Results: Private oligoclonal TCRαβ in blister fluid across Co-T SJS/TEN patients with shared HLA-class I peptide binding specificities were expressed by the same two populations of cytotoxic (GNLY, GZMB, PRF1) and proliferative (STMN1, TUBA1B, H2AFZ) CD8+ T-cells enriched in SJS/TEN and in contact with spatially resolved keratinocytes at the epidermal junction. At late timepoints pathogenic CD8+ T-cells were reduced while M1-like (STAT1, HLA) phagocytes transitioned to M2-like (RNASE1, LIPA) signatures indicative of wound repair. In Co-T SJS/TEN PLWH compared to PLWoH, CD8+ T-cells expressed markers of inactivation (EEF1A1, BTG1, ZFP36L2) and reduced expression of cytotoxic mediators (GNLY, GZMB). PLWH were further discerned by CD1C dendritic cells differentially enriched for markers of activation (CD83, CALR, AIF1), monocytes and macrophages for markers of immune regulation (THBS1, TFGBI, VCAN, STAB1), and CD4+ T-cells for markers of cytotoxicity (GNLY, GZMA), phosphodiesterase-signalling (PDE3B, PDE7B), and immune dysregulation (TFGB1, CRIP1).

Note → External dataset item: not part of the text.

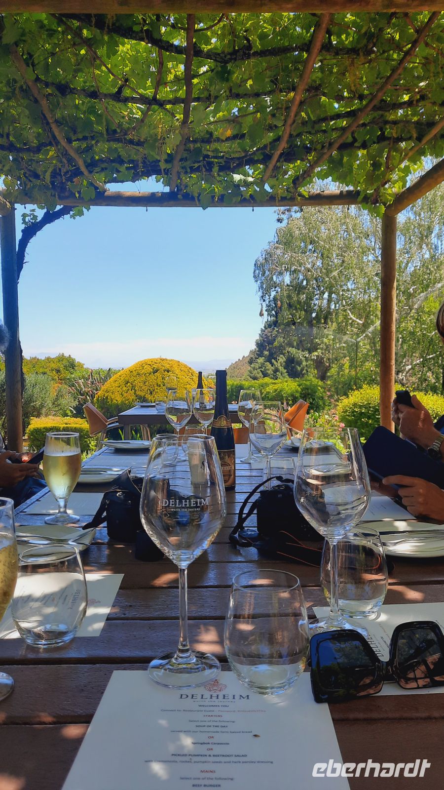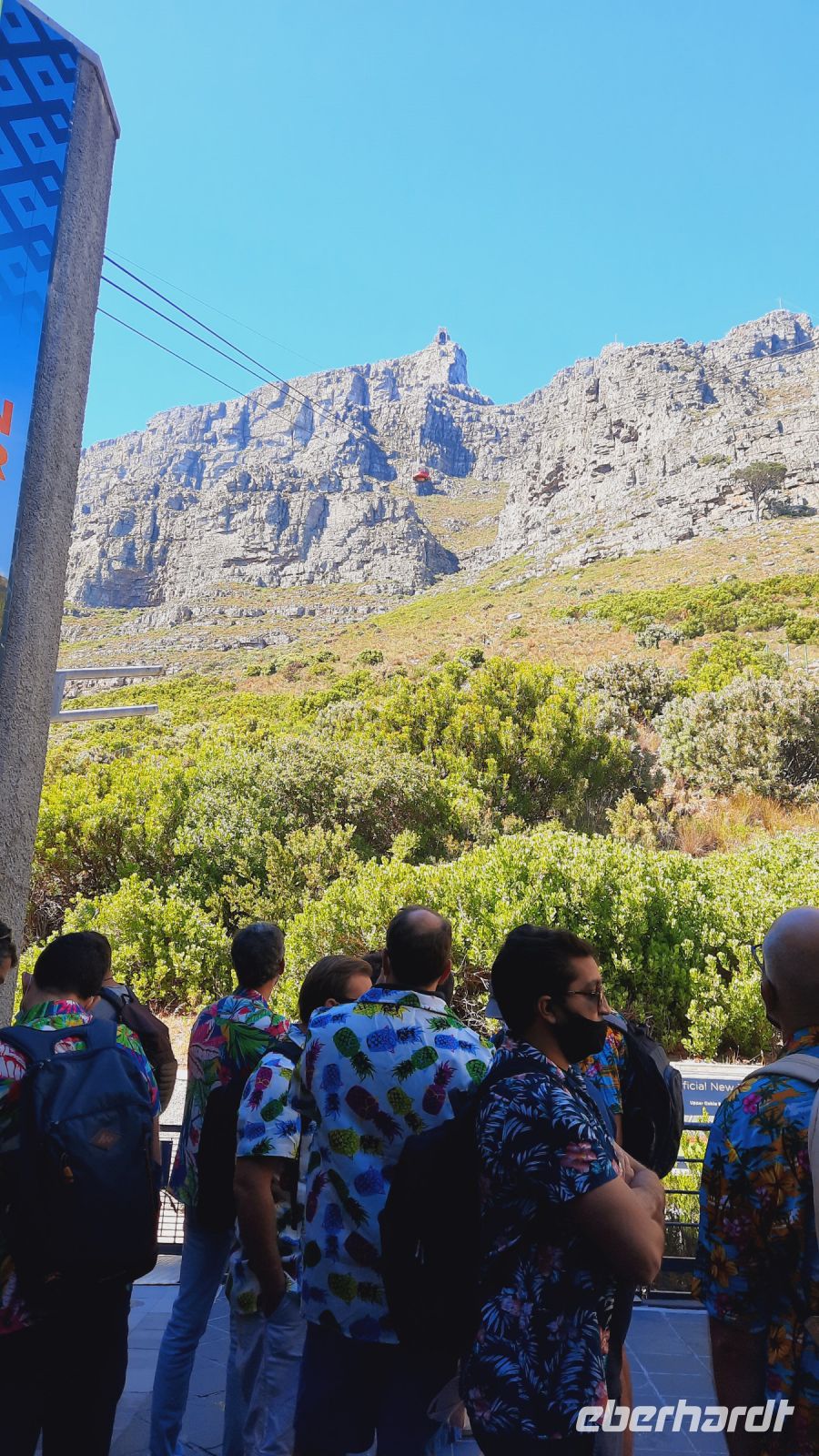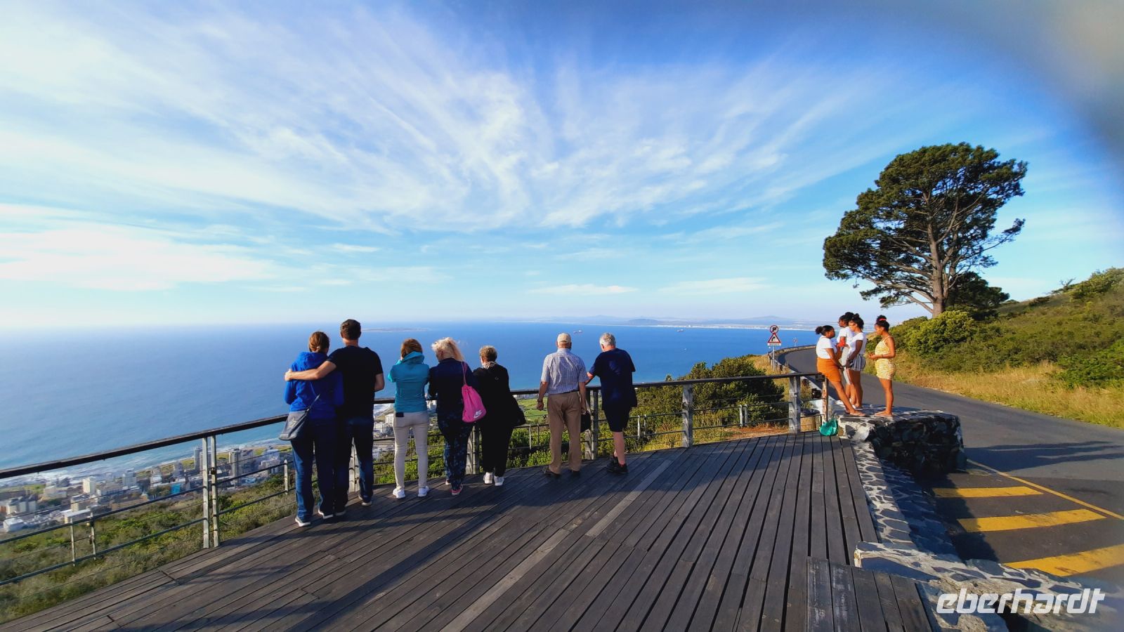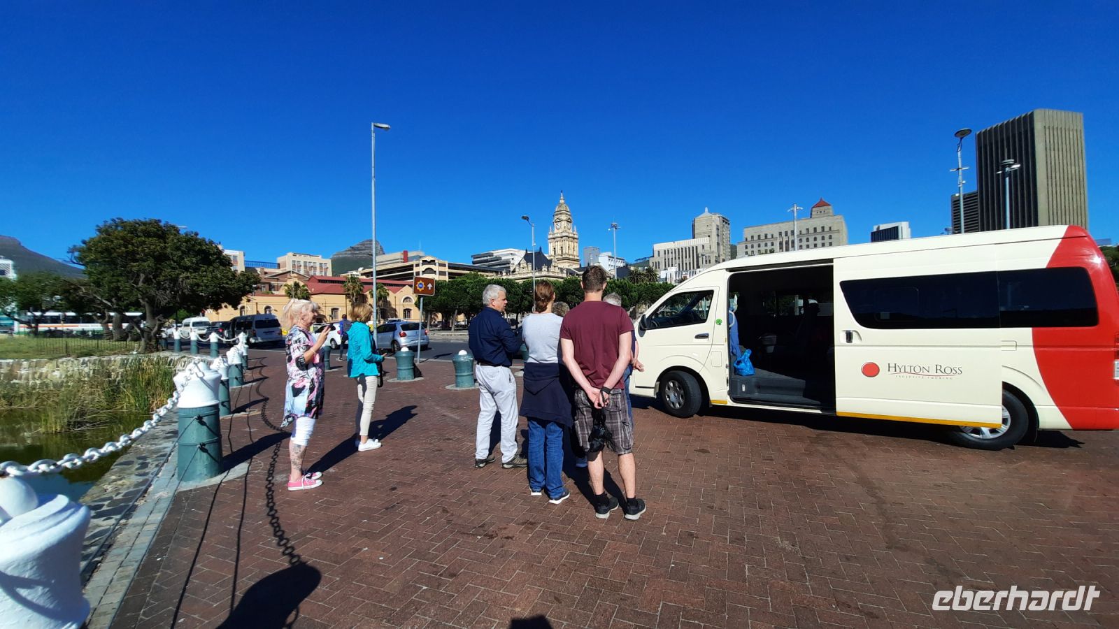 Heute begrüßten wir Thomas als neuen Reiseleiter. Gespannt auf den Tag stiegen wir in unseren Minibus und erkundeten Kapstadt selbst. Thomas zeigte uns die alte Wasserkante, erklärte uns, wie Kapstadt 1652 vom Holländer Jan van Reebeck als Versorgungsstützpunkt gegründet wurde und aufgrund von Gold und Diamanten wohlhabend wurde. Und nun war es endlich soweit: Wir fuhren gemeinsam auf den imposanten Tafelberg hinauf. Das Wetter war perfekt für einen Rundgang, den Thomas mit uns in 1.086 Metern Höhe unternahm. Wir waren so glücklich, dass keine drohende Wolken(Tisch)decke zu sehen war. Wir sahen eine üppige Vegetation und waren erstaunt, dass bis zu 1.400 Pflanzenarten auf dem Tafelberg beheimatet sei sollen. Auch zahlreiche Tierarten, wie Bergziegen, Paviane und Klippschliefer sind hier beheimatet. Wieder konnten wir uns nicht satt sehen und schossen viel zu viele Fotos. Nach unserem Rundgang fuhren wir wieder mit der sich drehenden Gondel nach unten und Richtung Weinregion um Kapstadt, in die Region Stellenbosch. Nun wollten wir aber auch den ansässigen Wein probieren. Dies wurde uns im Weingut Delheim während der Verkostung von fünf Weinen ermöglicht. Thomas führte uns hervorragend durch die Verkostung, denn schließlich kannte er sich als ehemaliger Koch gut aus. Wer wollte, konnte sich für zu Hause auch eine Flasche oder einen besonderen Korkenzieher mitnehmen.

Conclusion: We identify putative pathogenic TCR to model shared drug- and HLA-restriction and cell signatures that discern early (cytotoxic) from late (repair) disease processes and a unique cellular sub phenotype of SJS/TEN in PLWH associated with immune dysregulation. These data provide avenues toward personalised treatment approaches for patients with earlier- or later-stage disease and sub phenotypes of SJS/TEN associated with infectious co-morbidities.